View attachment 78947
View attachment 78948

I have someone offering me something which looks like the one that Dad used to have especially when he lit up his cigars with it. But am weary of fakes. And I wouldn't know which model except being able to point at a picture and say this is what looked like Dad used to have.

Could anyone confirm if this is the real deal please? Should the cap be this color? 
Any advise would be appreciated.
Thanks in advance.


----------



## bpegler (Mar 30, 2006)

That appears to be a ST Dupont Ligne 1. The cap bottom is the color of Dupont gas refill you would use. In this case red.

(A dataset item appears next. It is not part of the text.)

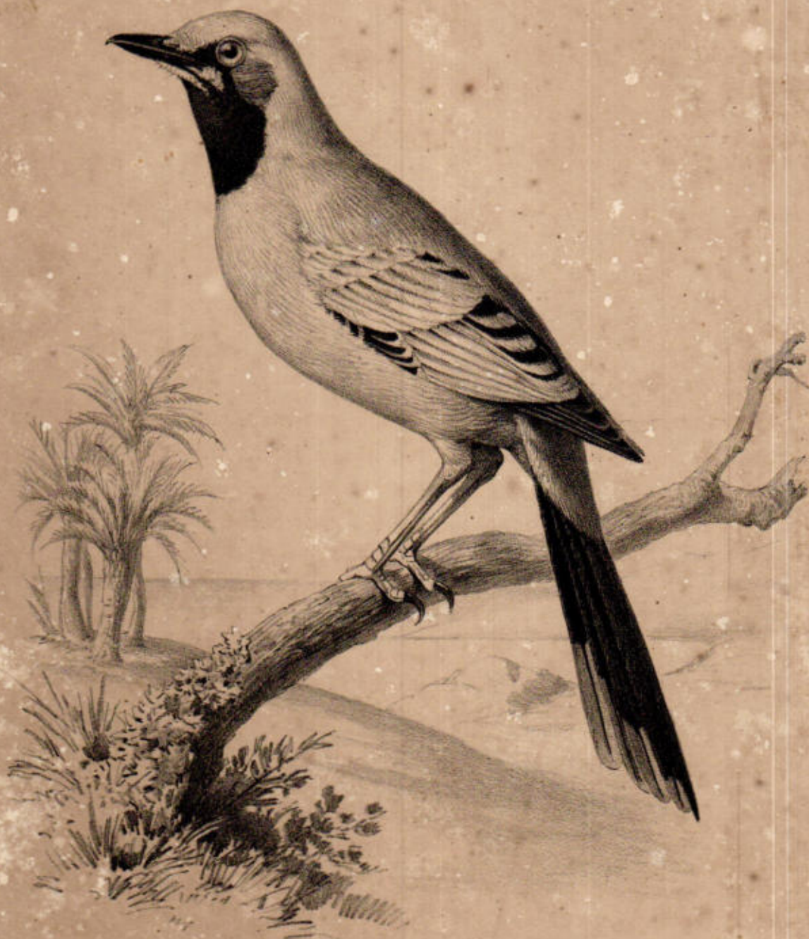
MIMOCICHLA PLUMBEA. Plumbeous Thrush

Although the Ligne 1 is far less counterfeited than the Ligne 2, telling for sure from a picture is incredibly difficult.

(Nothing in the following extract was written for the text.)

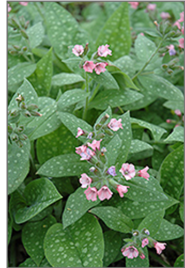
Dordogne Lungwort flowers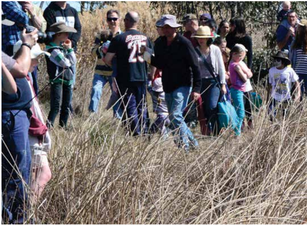
The Fish Circus featured a demonstration of electro-fishing.

Keep in mind that the "ping" sound is more pronounced in the Ligne 2.

Hope this helps.


----------



## MrRogers (Jun 15, 2009)

I agree, its cant be conformed online, at least not by me. However, I have a Ligne 1 that looks exactly like the one you posted in every detail. Calling St Dupont with the serial number may allow you to conform the authenticity.


----------



## nhuiii (Jul 23, 2013)

Thanks guys but why is the cap white? Shouldn't it be the same colour of the lighter?


----------



## bpegler (Mar 30, 2006)

nhuiii said:


> Thanks guys but why is the cap white? Shouldn't it be the same colour of the lighter?


I see what you mean. Thought that was from the flash.

Yes it should absolutely be the same color. My guess is that someone lost the original cap, and that is a replacement.


----------



## nhuiii (Jul 23, 2013)

Thanks guys for the info, just to make my dad happy, I'll be getting it though the asking price is close to 120USD. 
Would that be a fair price or am i getting ripped? 
I know I should be using the search function so far both of you guys have been great is there a number that I can contact ST Dupont on?

Cheers


----------